Esta já está. Para o ano há mais.
Dizia-vos eu, queridas paroquianas, que nos encontros Literatura em Viagem, iria ter uma tripulação de luxo na sexta (e última) mesa redonda (por sinal imponente e rectangular...) que seria por mim moderada?Pequei por defeito, fregueses meus... Por defeito gordo e deleitoso. Então não é que, perante uma espantosa afluência, se teve de abrir um outro auditório onde um nutrido grupo de pessoas seguiu as intervenções em ecrã gigante?
E mais: querem saber que dois "camaradas"(e nas terras pescadoras e salgadas como Matosinhos ou a Figueira da Foz "camarada" quer dizer membro da"companha" ou, traduzido em moderno e redutor, pescador) da barca incursões, estavam presentes? E que os apresentei um ao outro? Anto meets José, o temível leitor, e vice versa?

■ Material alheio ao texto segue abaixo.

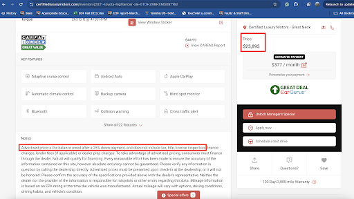 POTENTIAL BUYERS BEWARE: For those who are looking to get a fair deal on a new or used car avoid Certified Luxury Motors. This dealership advertise on various site a compelling price on various websites such as Kelly Blue Book, CarGurus etc... to lure you in only to increase the price exponentially. Let me tell you about my experience with Certified Luxury Motors Tue, 1.27.2025. I was interested in purchasing a preowned vehicle and had a budget of no more than 12k, as I did not want to finance or lease a vehicle. I didn't want any car payments or paying more than the value of the car due to the interest over the life of the loan. Certified Luxury Motors advertise a 2018 Audi Q5 2.0T Premium for $13,999. Pamela reached out to me about my interest, and sent me a text message regrding their "END OF THE MONTH SALES EVENT UP TO $3,500 OFF ON EVERY VEHICLE!!!!" I asked Pamela does the "up to $3,500" can be subtracted from the advertise price on Cargurus.com, she said yes. I thought this was great deal and I took time off work to see the Audi in person and then proceed with its purchase. Upon arrival, I was greeted by someone else by the given name of 'Bryan' and not 'Pamela'. This immediately raised a red flag. After having to retell why I am there, I was shown the car. There was some acceptable paint chipping and the interior was in fairly good condition. However, I noticed on the right front hood, there was an area with no clear coat and it was litterally pealing from the paint. This clearly suggest there was poor work done on the car which wasn't reported to CarFax. I brought it to Bryan's attention but he dimssed it. Depsite what I saw, I decided to look past it and wanted to address the price of the vehicle. To my surprise I was told that the $13,999 they advertise was only if you are going to finance the vehicle, and if I wanted to buy it in cash it would be more. I asked to speak to manager - as this didn't make any sense, and I started to see a great deception and dishonesty beginning to unfold. I express my suprise and grievance to 'Danny' the Manager. He showed me on the site where it mentioned there is a 3k + markup. However, this is not clealry mentioned on the site, but hidden in a sub menu and in small type. Danny then explained there's an additional $1,999 prep-fee. I am not sure what they prepped, as there was damages I mentioned above, and the back support and headrest of the driver seat had dirt marks. Danny then added other fees such as plates, docs etc.. where the so call finace price increase from $13,999 (lets round it to 14k) to a whopping $19,000. Thats a $5,000 increase from the advertise price. Now to buy the vehicle in cash, they said the sale price will increase to $21,000. Thats now a $7,000 increase from the avertised price. I then ask about "END OF THE MONTH SALES EVENT UP TO $3,500 OFF ON EVERY VEHICLE!!!!(BY APPT ONLY)". Danny response was it states 'up to $3,500' and he didn't want to honor the full amount, but honor less than half the amount. I asked Danny if the price was negotiable. His response was I paid about $17,256. I can't sell it below that price. This is clearly 'a bait and switch' tactic. While there, I did a search on this dealership. You'll see there are many complaints from other potential buyers on sites such as Kelly Blue Book and CarGurus about their bait and switch tactic. The reviews are spot on and they have a 2.7 rating on CarGurus. Don't waste your precious time and travel to see these people. Avoid this dealership like the plague. Guaranteed you'll be very disappointed. They are dishonest and deceitful. They don't have your best interest at heart, nor are they willing to be flexible to work out a deal. Their only concern is to get you into their dealership, have you develop an emotional attachment to the car of your choice so they can get as much as they can from you and direct you into a loan where they and banks will profit at your expense.

E ainda mais (Jesus isto vai num crescendo...) que me apareceu uma bonita leitora nossa, daqui, deste navio espacial que cruza o éter ignoto, e que me disse amabilidades maravilhosas que me fizeram corar de ternura e reconhecimento? E que manda beijos ao Carteiro, sempre esse homem fatal.
Uma leitora, ó amigos meus, uma leitora que algum dia lançou ao ecrã a sua rede curiosa e gentil e apanhou esta troca de mensagens da alegria e da convivência civil, da discussão e do desacordo tolerante e que nos vem lendo até hoje com a cúmplice paciência dos leitores que tomam passagem nesta barca em os colaboradores e comentadores remam não como galeotes mas tão só por sentirem prazer na companhia uns dos outros.
Leitora aparecida e desaparecida entre as ondas da multidão que se acotovelava para pedir um autógrafo ao Mia ou ao Ondjaki, por favor, mande o seu comentário de quando em quando para nos sentirmos mais quentinhos por saber da sua presença.
É que, sabe?, ele há dias de nevoeiro denso nesta navegação à bolina, junto da costa rochosa, e cai-nos bem ouvir a ronca, ou ver a baça manhã nevoenta abrir-se de repente por um foguete de lágimas, um bola de fogo que rebenta lá em cima e desce, lenta, magestosa e protectora, para o mar.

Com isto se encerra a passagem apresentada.